In layman's terms, the Defendants cannot say "We had no idea this could happen" because they in fact knew it had happened. It had occurred elsewhere, and it was apparent that although they were concerned about it, and I am told they paid compensation to those premises, they did not take up Dr Apperley's suggestion of advising further on this."
"As stated we do not have definitive information regarding the "Arches" problem. On the assumption that the studio in question was located directly below a tuned zone then the field within that studio would have been many times greater than that measured in the Soundstar studio. The reason being that the tuned zone formed by the rails and the bonds acts like a large coil placed flat on the ground. The lines of flux surround the conductors of the coil and are concentrated in the centre of the coil. Normal building constructional material does not attenuate or impede the magnetic flux. Therefore if tuned zone is directly above the studio in the arch, and the distance between the studio and the rails no more than a few metres then the field is likely to have been orders of magnitude greater than the field present in the Soundstar studio."
Lord Justice Buxton:
"settled the law to the effect that foreseeability of harm is indeed a prerequisite of the recovery of damages in private nuisance…..It is unnecessary in the present case to consider the precise nature of this principle; but it appears from Lord Reid's statement of the law that he regarded it essentially as one relating to remoteness of damage"
"the answer to the issue falls to be found by applying the concepts of reasonableness between neighbours (real or figurative) and reasonable foreseeability which underlie much modern tort law and, more particularly, the law of nuisance.

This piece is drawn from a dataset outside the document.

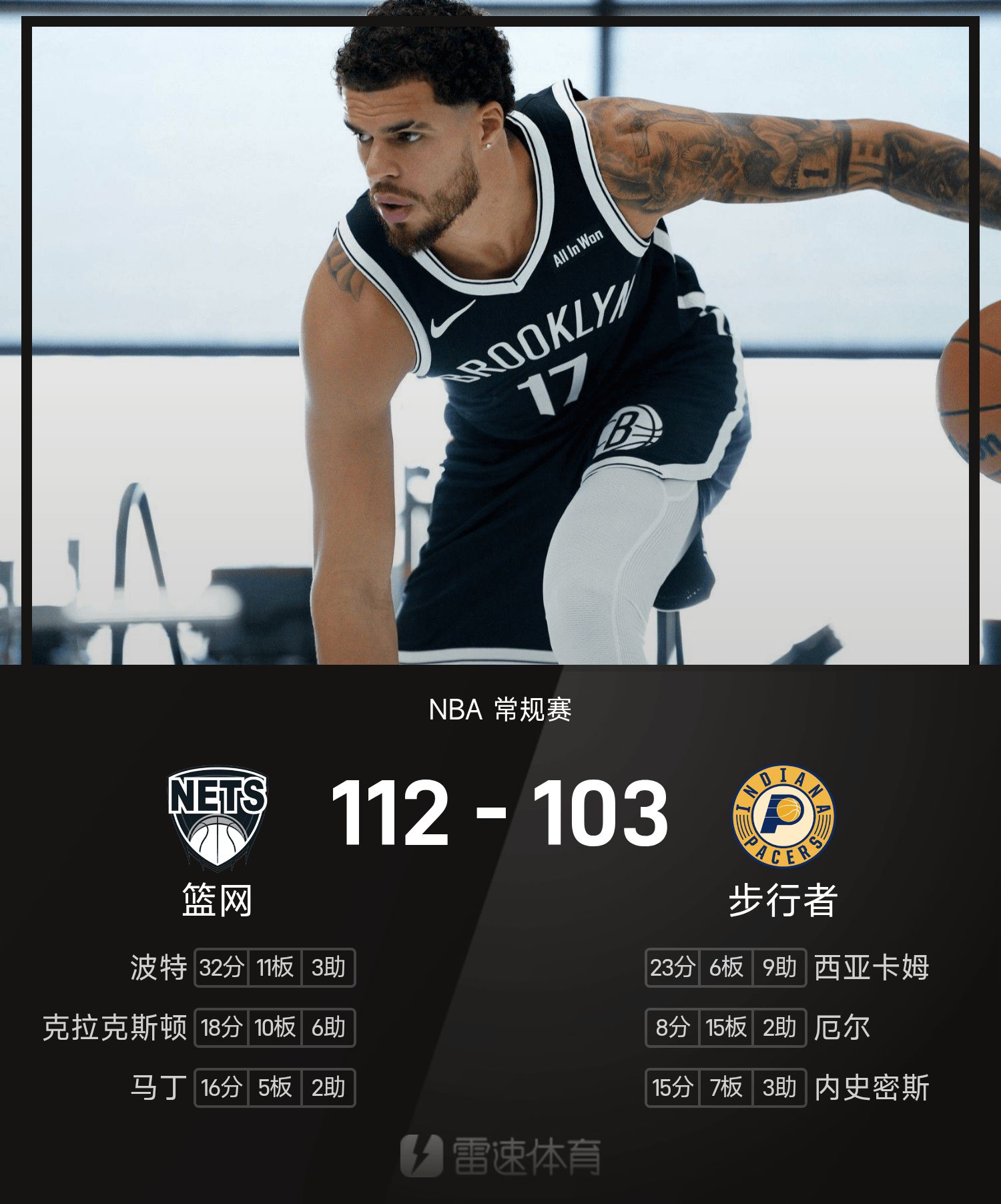 籃網112-103步行者

The great cases in nuisance decided in our time have these concepts at their heart…..In both the second Wagon Mound case and Goldman v Hargrave [[1967] 1 AC 645] the judgments….are directed to what a reasonable person in the shoes of the defendant would have done. The label nuisance or negligence is treated as of no real significance. In this field, I think, the concern of the common law lies in working out the fair and just content and incidents of neighbour's duty rather than affixing a label and inferring the extent of the duty from it."